# Theater Marquee



## cstak (May 14, 2012)

Anyone know of a manufacturer that makes indoor/outdoor marquees?


----------



## Bob Pero (Jan 13, 2008)

Check this site out 

http://www.building-your-model-railroad.com/lighting-effects.html


----------



## cstak (May 14, 2012)

Thanks, I'll check it out.


----------



## armorsmith (Jun 1, 2008)

Cstak, 

I read an article a long time ago about making a theater marque out of plexiglass and fiber optics. The fiber optics were the chase lights going around the marque. The lettering in the marque was 'routed' into the surface of the marque, but not through. The marque was then edge lighted and the rough surface of the cut letters light up while the clear surfaces of the plexiglass were painted black or white (too many nights sleep since then). The article was done for HO as I remember, but it might be a basis for a 'G' scale project. Instead of the fiber optics, small LEDs might be the ticket (no pun intended) and just larger letters . I wish I could remember which magazine it was in, or even the time frame. Lighting the LEDs in a chase pattern might be a challenge for one of our electronic geniuses. 
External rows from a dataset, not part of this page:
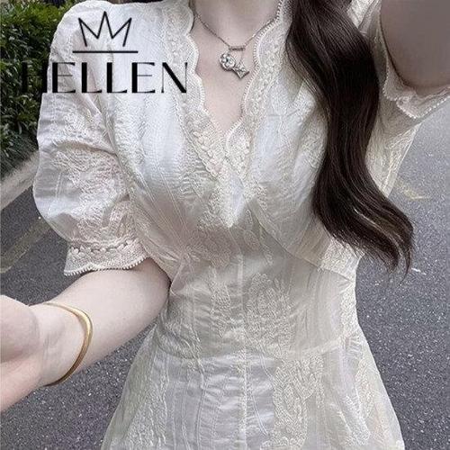 여성 여름 반팔 원피스 캐주얼 원피스 기질 고급스러운 소향풍 자카드 반팔 원피스 ZZL
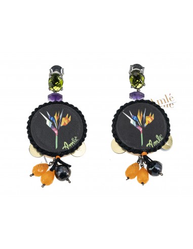 Orecchini Amlè con tamburelli dipinti a mano e pietre naturali
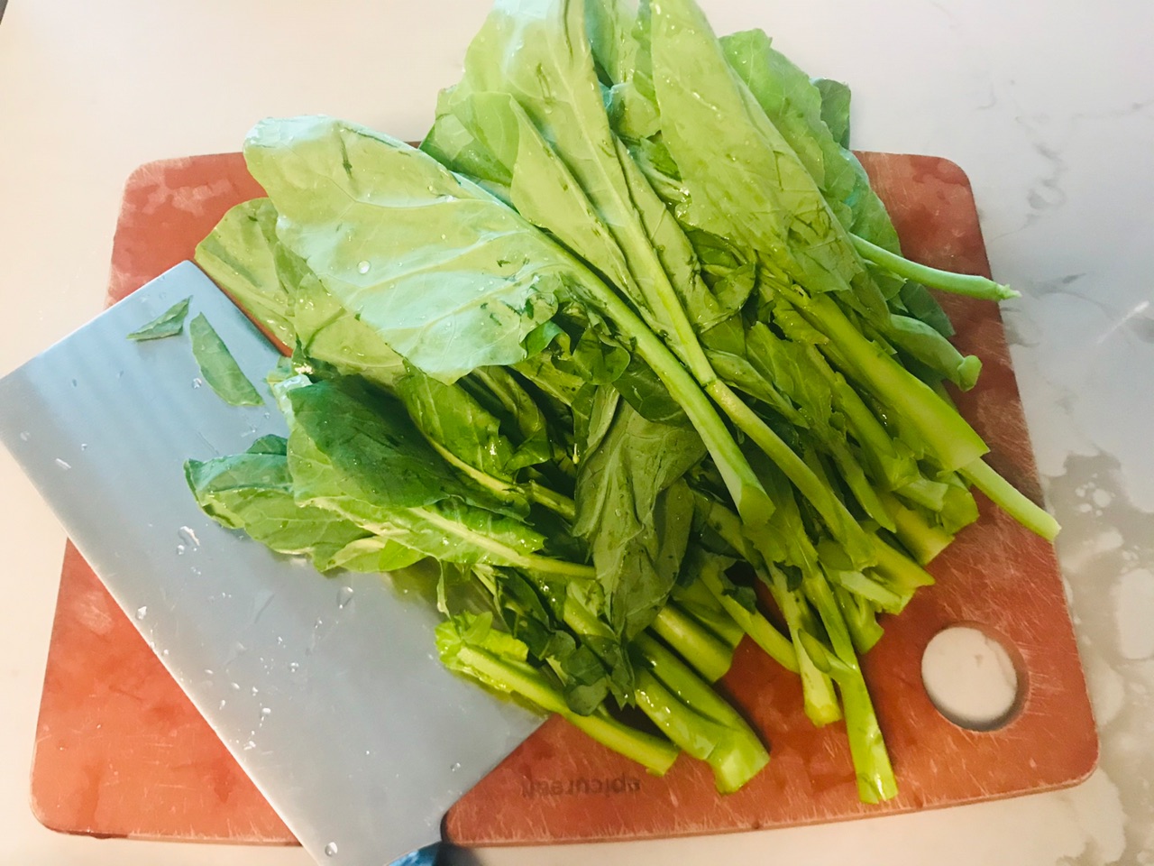 步骤6、等到饭快焖好的时候,可以开始准备配菜了。这里我用了一些芥蓝,粗略切一下,用开水焯煮两分钟,变软即可取出。
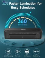 The laminator features a quick warm-up time, allowing you to start laminating in just 60 seconds.
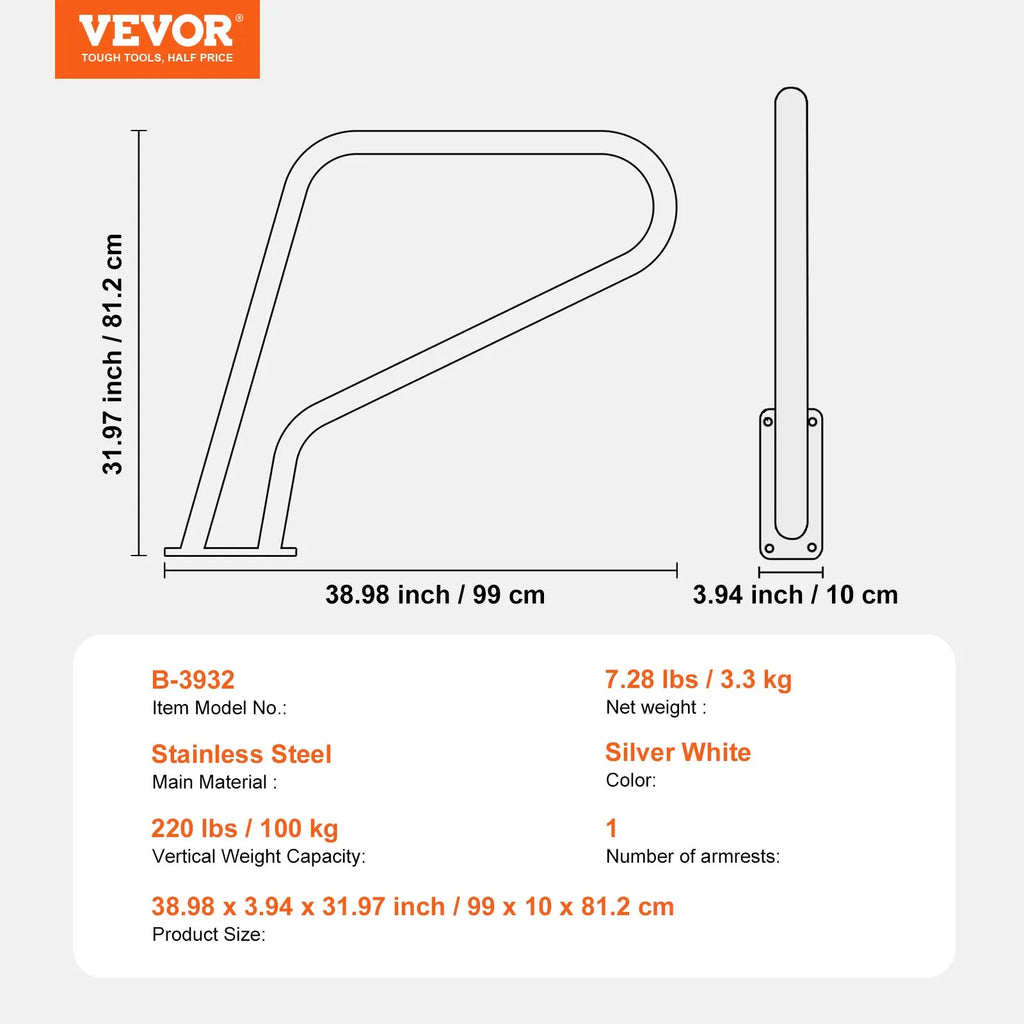 VEVOR baseina margas 99 × 81 cm, nerūsējošā tērauda drošības margas ar pamatplāksni iekštelpu un āra baseiniem, pretslīdes satvēriena stienis ar pārklājumu un piederumiem spa zonām
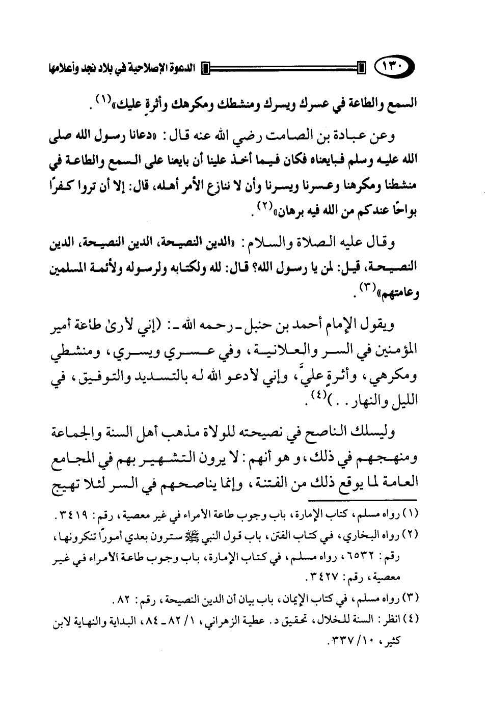 أصول عظيمة مفيدة جليلة حيث قال: " الأصل الثاني: أمر الله بالاجتماع في الدين ونهى عن التفرق.. إلى أن قال: الأصل الثالث: أن من تمام الاجتماع السمع والطاعة لمن تأمر علينا ولو كان عبدا حبشيا، فبين النبي صلى الله عليه وسلم هذا بيانا شائعا ذائعا بكل أنواع البيان شرعا وقدرا، ثم صار هذا الأصل لا يعرف عند أكثر من يدعي العلم فكيف العمل به"1.
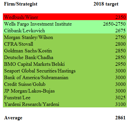 Vous l’aurez compris, hier le S&P500 a battu son douzième record d’altitude de l’année. C’est la première fois de l’histoire de Wall Street que l’indice bat 12 fois un record en 14 jours de trading… Du coup, ça laisse rêveur et les « experts » ont commencé à relever leurs objectifs pour 2018.
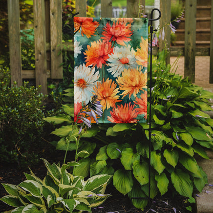 Decorate your space with Caroline's Treasures Chrysanthemums artwork on a Garden Flag. Enhance the beauty of your garden, patio, or yard with Caroline's Treasures Decorative Garden Flag, proudly made in the USA. Crafted from two pieces of thick, double-sided polyester fabric, this 2-ply garden flag is designed to withstand various weather conditions, making it water-resistant and weatherproof. Featuring correctly readable words on both sides, this garden flag offers a delightful visual experience from any angle. With its heavier weight, it stands out among other garden flags, ensuring stability and durability even in wind, rain, and snow. Measuring approximately 11 1/4 inches by 15 1/2 inches, this flag allows you to personalize your outdoor decor. It comes with a 1 1/2-inch sleeve sewn in, allowing easy attachment to any standard garden flag stand or garden size porch hanger (sold separately). Make a statement in your outdoor space with Caroline's Treasures Decorative Garden Flag, a vibrant and high-quality flag that adds color and personality to your surroundings. Proudly made in the USA, it's a symbol of quality craftsmanship and attention to detail.
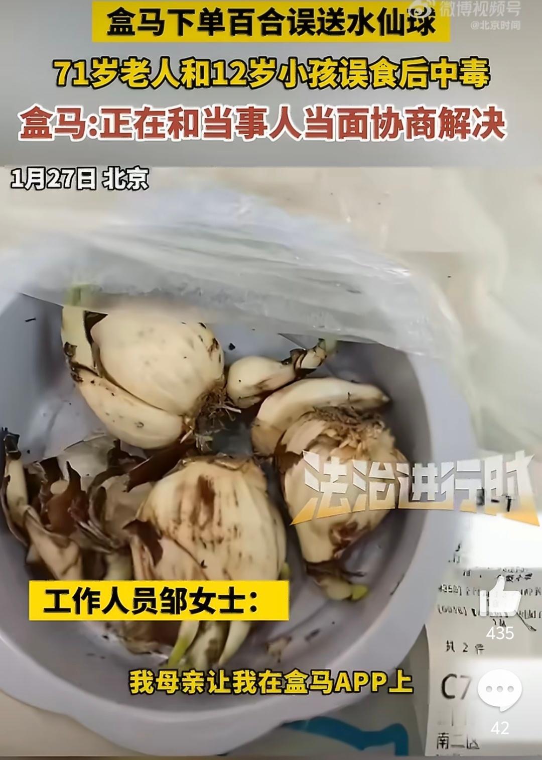 盒马误送有毒水仙球致老人孩子中毒下单食用百合,错送成水仙球。。这个就离了大谱这两个东西摆放的位置就不一样吧外形也不像啊盒马这管理 也是够乱的。。

Maybe someone who was in the smaller scales, or still is, might have access to an article data base for MR or RMC (I am fairly certain it was one of those two). Good luck with the project, it sounds like a neat challenge. 

Bob C.


----------



## Pete Thornton (Jan 2, 2008)

I read an article a long time ago about making a theater marque out of plexiglass and fiber optics 
That's what I remembered too. It must have been MR, as I didn't subscribe to RMC.


----------



## blueregal (Jan 3, 2008)

Posted By cstak on 14 May 2012 02:24 PM 
Anyone know of a manufacturer that makes indoor/outdoor marquees? 

These animated signs are O/Ho scale but some could be close to G scale use they have a drive in theater and a movie theater sign in their inventory, but shop around you can find them less expensive than the manufacturer's site. Like Hogtrainz and such there are a lot of sellers of these even on Evil Bay. Regal



Animated-signs


----------



## Rod Fearnley (Jan 2, 2008)

P.77 MR 2011 has a picture of a theater in a Walthers advert. I think that is where the original model that you are talking about was copied from.
It would make an interesting subject for a model.


----------



## armorsmith (Jun 1, 2008)

Rod, 

I think the fiber optic would be far too small for our scale, but there are small enough LEDs that would work there. The 'lighted' marque lettering by edge lighting the plexiglass should work for any scale, just a case of 'how big is the lettering'. I might think about trying it, but if I start another project I think SWMBO would lock me up and throw away the key. 

Bob C.


----------



## Semper Vaporo (Jan 2, 2008)

Posted By armorsmith on 19 May 2012 03:50 PM 
Rod, 

I think the fiber optic would be far too small for our scale, but there are small enough LEDs that would work there. The 'lighted' marque lettering by edge lighting the plexiglass should work for any scale, just a case of 'how big is the lettering'. I might think about trying it, but if I start another project I think SWMBO would lock me up and throw away the key. 

Bob C. 

Gee... Just think, then you'd have lots of time to work on it! Right?


----------